Muscle relaxants are typically used for and are helpful with acute post-traumatic TTH rather than ETTH. Opioid medications are not utilized to treat ETTH. Botulinum toxin does not appear to be helpful.

==== Chronic ====
Classes of medications involved in treatment of CTTH include tricyclic antidepressants (TCAs), SSRIs, benzodiazepine (Clonazepam in small evening dose), and muscle relaxants. The most commonly utilized TCA is amitriptyline due to the postulated role in decreasing central sensitization and analgesic relief. Another popular TCA used is Doxepine. SSRIs may also be utilized for management of CTTH. For patients with concurrent muscle spasm and CTTH, the muscle relaxant Tizanidine can be a helpful option.

These medications however, are not effective if concurrent overuse of over the counter medications or other analgesics is occurring. Stopping overuse must occur prior to proceeding with other forms of treatment.

=== Manual therapy ===
Current evidence for acupuncture is slight. A 2016 systematic review suggests better evidence among those with frequent tension headaches, but concludes that further trials comparing acupuncture with other treatment options are needed.

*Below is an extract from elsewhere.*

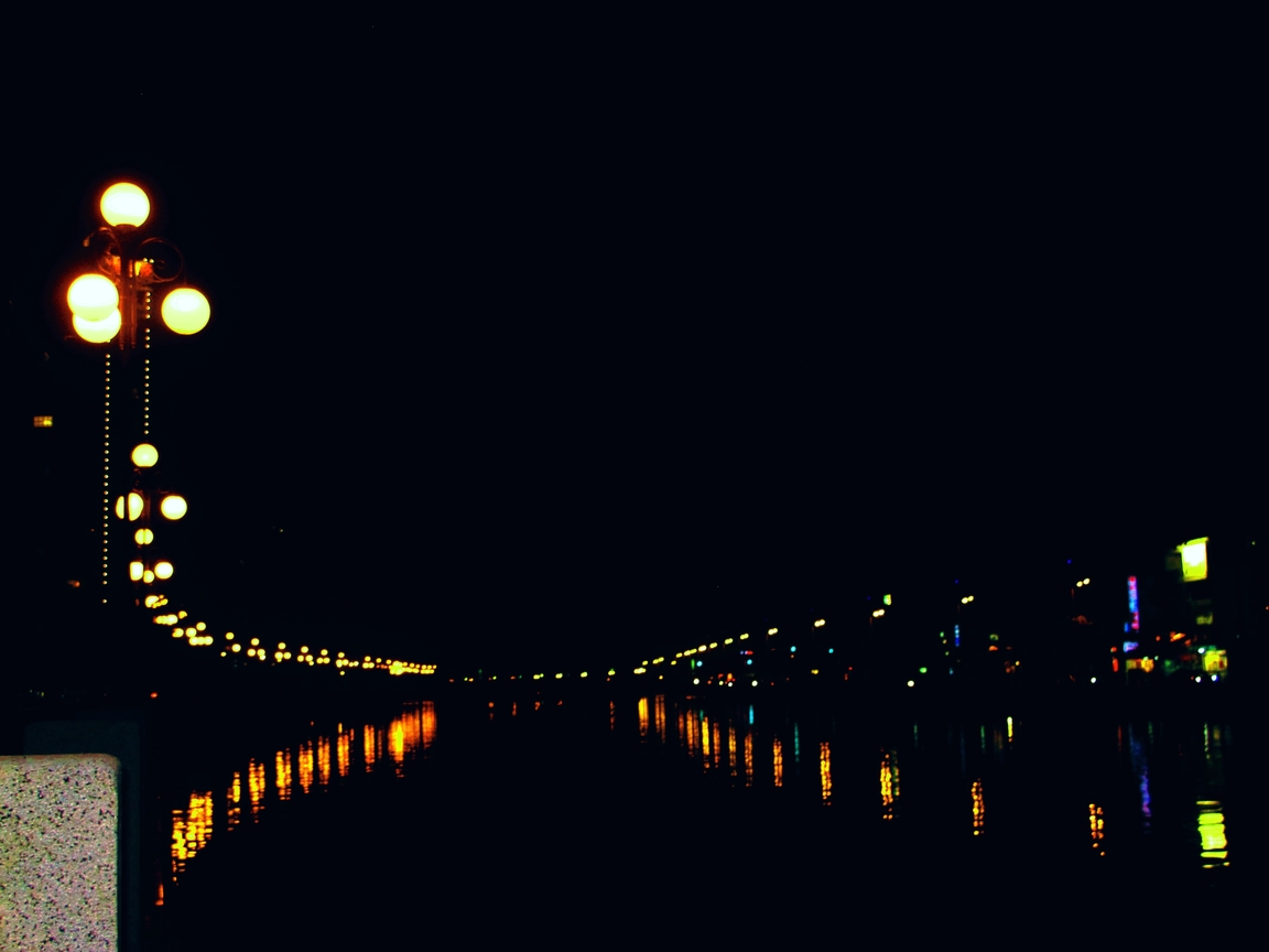 在夜晚,沿途漫步在運河旁, 感受冬天

People with tension-type headache often use spinal manipulation, soft tissue therapy, and myofascial trigger point treatment. Studies of effectiveness are mixed. A 2006 systematic review found no rigorous evidence supporting manual therapies for tension headache. A 2005 structured review found only weak evidence for the effectiveness of chiropractic manipulation for tension headache, and that it was probably more effective for tension headache than for migraine. Two other systematic reviews published between 2000 and May 2005 did not find conclusive evidence in favor of spinal manipulation. A 2012 systematic review of manual therapy found that hands-on work may reduce both the frequency and the intensity of chronic tension-type headaches. More current literature also appears to be mixed however, CTTH patients may benefit from massage and physiotherapy as suggested by a systemic review examining these modalities via RCTs specifically for this patient population Despite being helpful, the review also makes a point to note that there is no difference in effectiveness long term (6 months) between those CTTH patients utilizing TCAs and physiotherapy. Another systemic review comparing manual therapy to pharmacologic therapy also supports little long term difference in outcome regarding TTH frequency, duration, and intensity.

==Epidemiology==
As of 2016 tension headaches affect about 1.89 billion people and are more common in women than men (23% to 18% respectively). Despite its benign character, tension-type headache, especially in its chronic form, can impart significant disability on patients as well as burden on society at large.